The importance of documentation

Any IT worker has most probably been in the situation once, twice, too many times to care to count.

You have a software you need to implement and use - but how does it work? What does it do? What are the features? "Oh, you know, it was built according to your specification.""Yeah, but...?" "Oh, the person who coded it, doesn't work for us anymore."

You need to set up a test environment similar to the production. Or duplicate the production. But what features, what services need to be activated and configured? "Oh, you know, the usual, just next-next-next, we don't have anything special there. Just activate everything." "???" "Yeah, well, I don't know, it was originally set up by this company X, but the contracr expired alreaydy, and besides I think they don't exist anymore. That's why we need you, to figure this out."

You need to add some features to a custom made application. You get the source code, you can run it (but of course it can't use half of the features in your test environment), but how was it built? You look at the source code and use hours to try to figure out the noncommented code to understand how to implement your own and end up wishing you could just code the whole damned thing yourself from the scratch. "Documentation? No, we didn't get any documentation. No, the person who coded it, oh, I don't even know..."

Getting my drift? Documentation! That boring as hell job, that makes you disposable when you're actually NOT the only one who can figure it out. The boring as hell job, that tends to remain undone, when the project budjet was already used up and "not in this life am I gonna do that for free!" The boring as hell job, that nobody really wants to do, but everybody curse about when it's not done and you'd need it.

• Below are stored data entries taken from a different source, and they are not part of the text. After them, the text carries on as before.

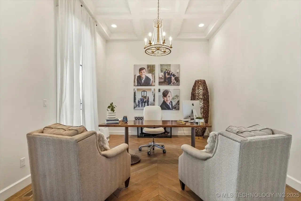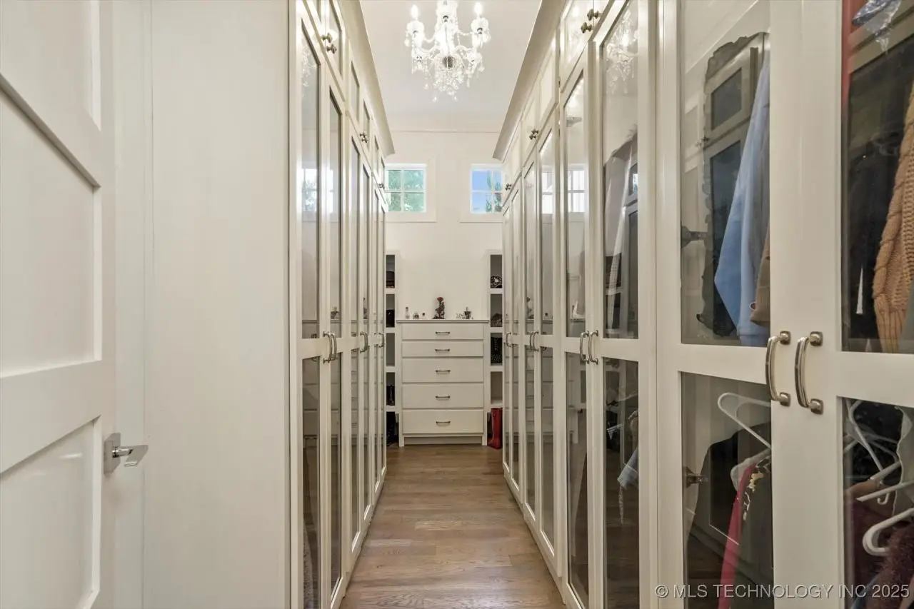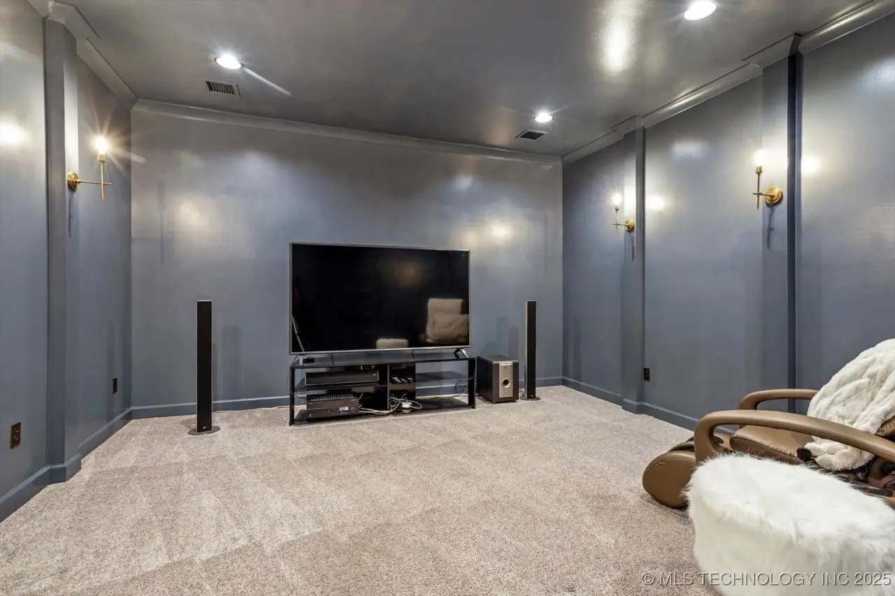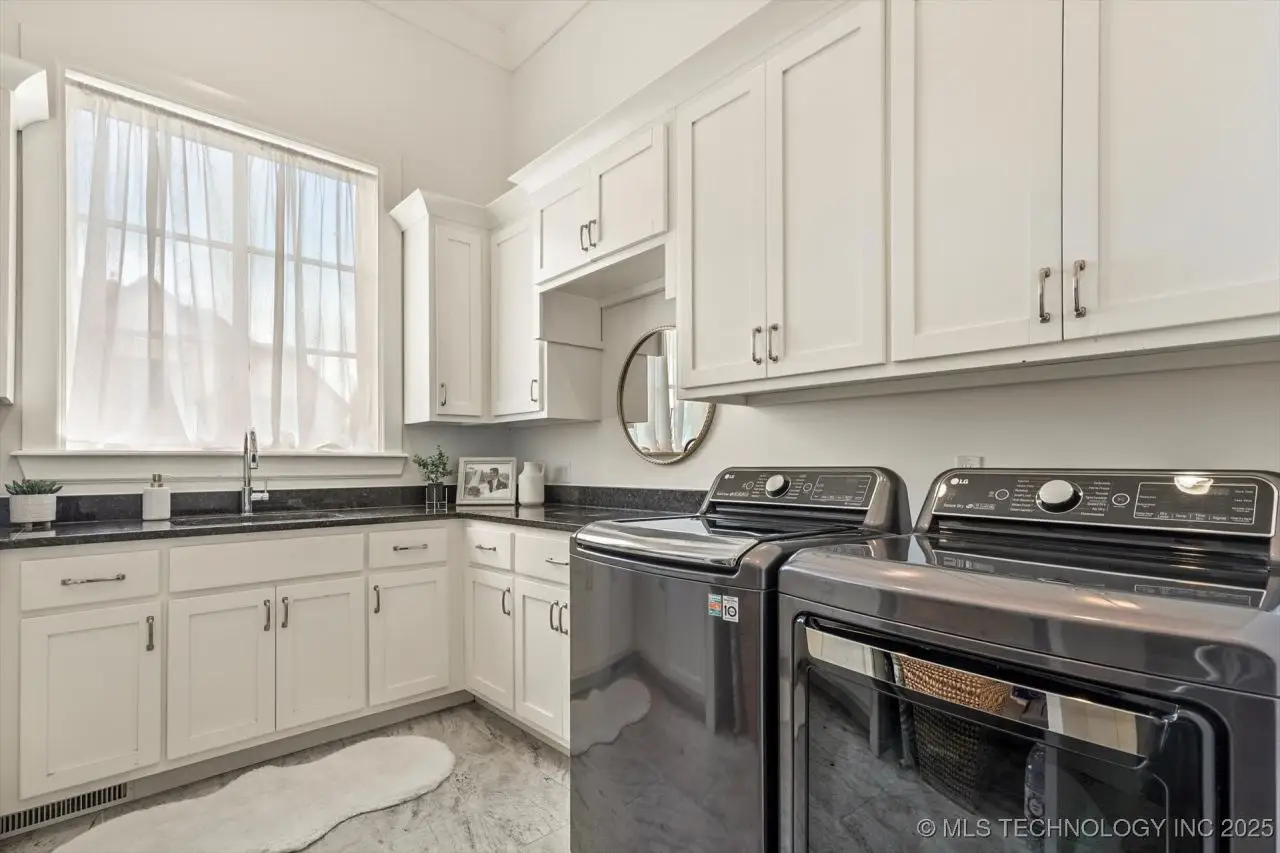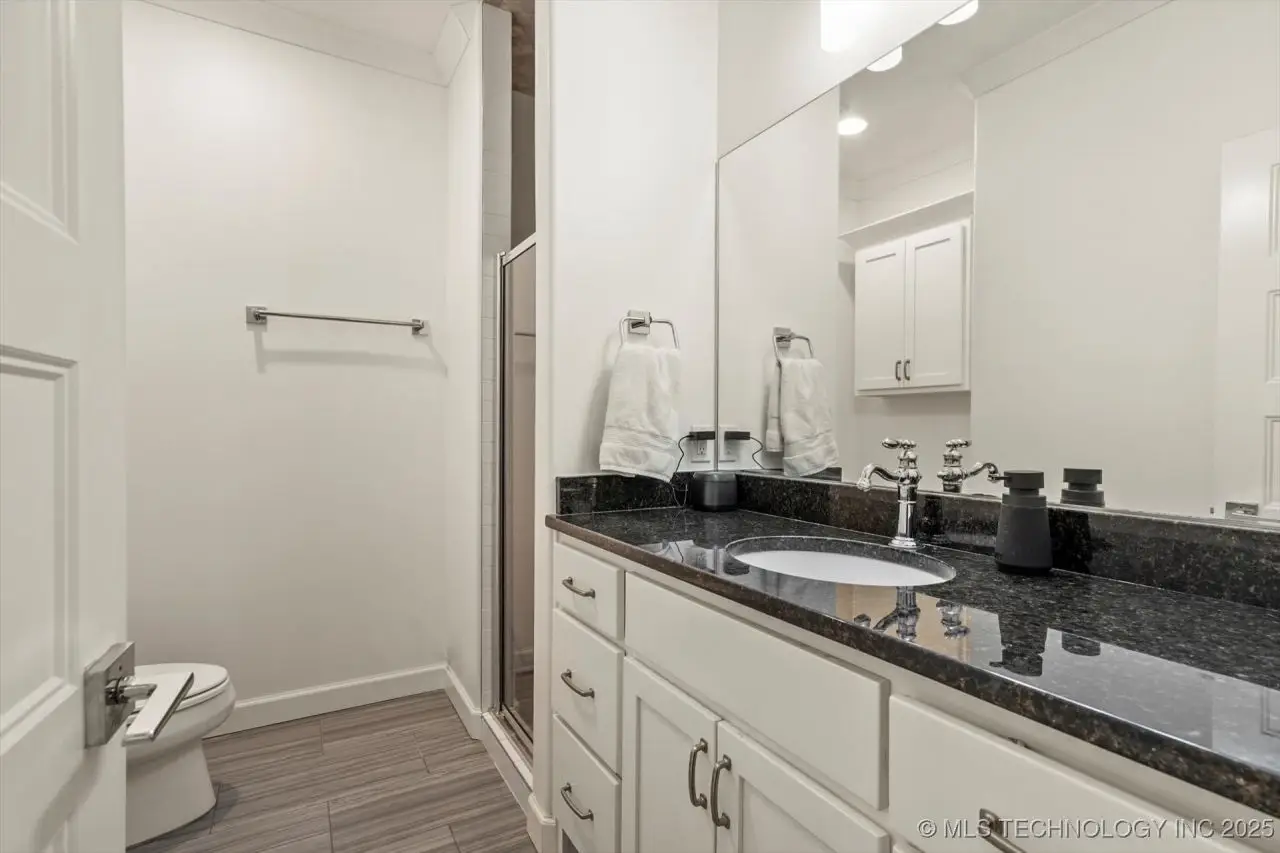 Welcome to this beautiful home in the gated community of Woodmere. This custom one-of-a-kind home, built by Rob Key with over 5,800 Square Feet (AP), features five spacious bedrooms, four Full Baths, two Half Baths, with a three Car Garage. Four of the bedrooms have their own private bath and walk-in closets. The master suite and guest bedroom are on the main floor, along with a half bath. Upstairs, you will find three more bedrooms, two with private baths and large walk-in closets, spacious fifth bedroom that could be used as a game room/gym. Separate theater room plus an open bonus area with wet bar and half bath. Soaring Ceilings throughout with 12 foot doors. It also includes a separate office off the entry. The large kitchen is the heart of the home, featuring a striking center island with marble waterfall countertop, two sinks, Sub-Zero refrigerator with a recently updated Dishwasher. The spacious laundry room has a sink with ample cabinets for storage and space for an additional refrigerator. The master bedroom is a luxurious retreat. Its bathroom includes custom his-and-hers closets, separate vanities, a soaking tub, and a walk-in shower with multiple showerheads, including a rainfall feature. The doors to the master suite are made from reclaimed cypress wood from Louisiana. High-end lighting from Visual Comfort illuminates every area of the home. Enjoy the outdoors on two large balconies in the front and back of the house. The home has elegant 12-foot iron exterior doors with a stunning Iron staircase with a built-in wine cellar. The backyard has two separate patios, off the Master & Living with a fireplace. Built in Sonos speakers outside and a custom 36x30 Basketball Court with turf. Eight foot Full Privacy fence on a corner Lot in a cul-de-sac. A must-see home in the heart of South Bixby. Schedule your appointment today.
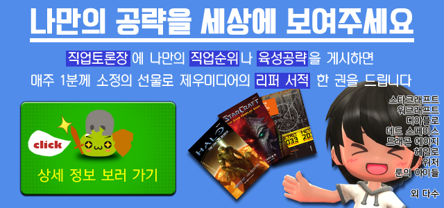 또한 나만의 직업순위를 매기거나, 육성공략을 공유하면 매주 추첨을 통하여 1분께 제우미디어㈜의 리퍼 서적을 제공하고 있습니다.
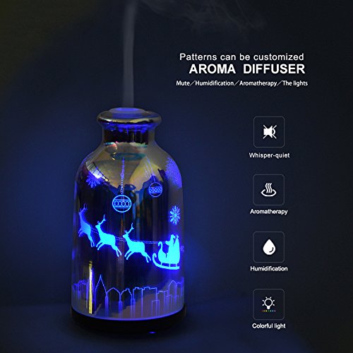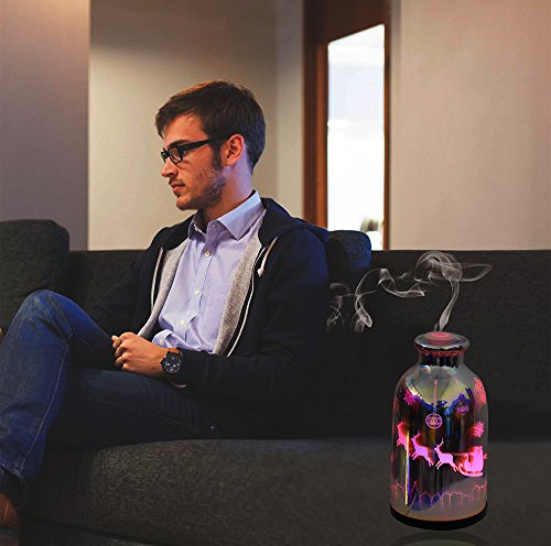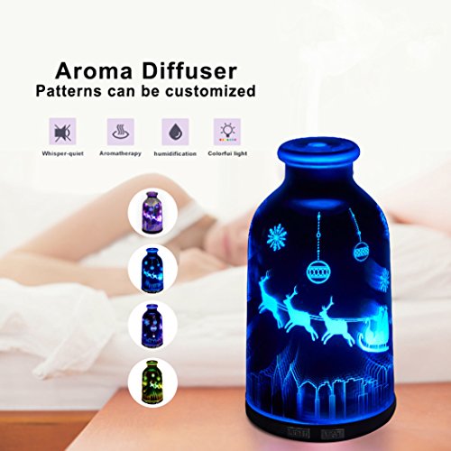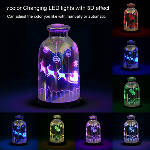 WOHOME Aromatherapy Essential Oil Diffuser,120ml 3D Glass Cool Mist Humidifier With 7 Color Changing LED Lights for Home Office Bedroom Living Room
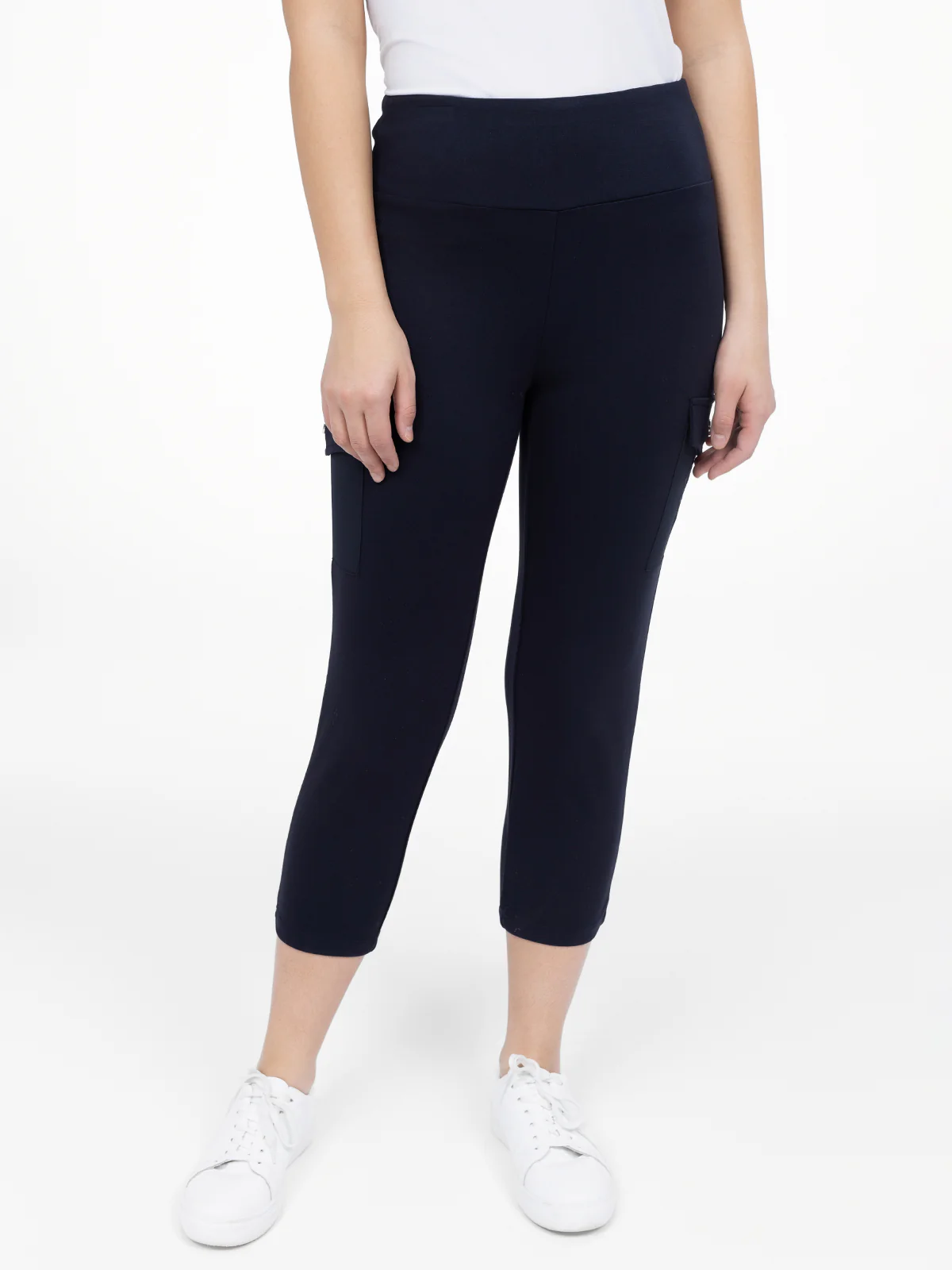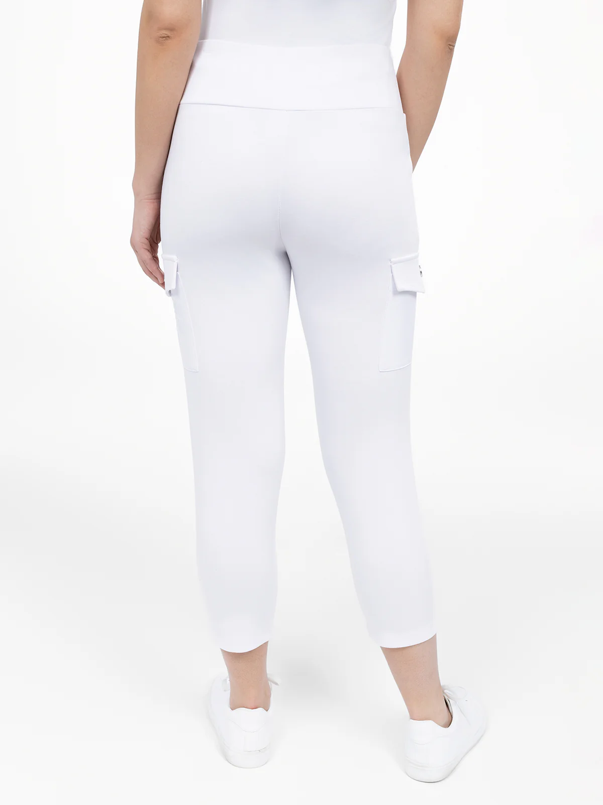 Ce pantalon droit en tricot extensible Ponte de Roma offre une coupe pull-on facile à enfiler. Sa longueur aux mollets, sa bande de taille élastique intérieure et ses poches cargo brodées ajoutent une touche fonctionnelle et tendance.

What happens when there's no documentation? Stonehenge happens, that's what. Here's this fabulous construction, somewhat fallen apart, but what did it do? What was it's purpose. Tourists flock around to gawk at it, but that was hardly its original purpose! Not that anybody probably would put it back together; it's more valuable as it is, untampered, than back in its original configuration.

Yet, without any documentation humankind had no idea that the mysterious thing we've been gawking at for so long, without understanding what we've been looking at, is actually only a fragment of something much bigger!

Pic from the aticle mentioned above

That's what you get without documentation. No idea what you're looking at and not even knowing you're missing the biggest part. People, document your work unlessyou want it to end up a mystery like Stonehenge!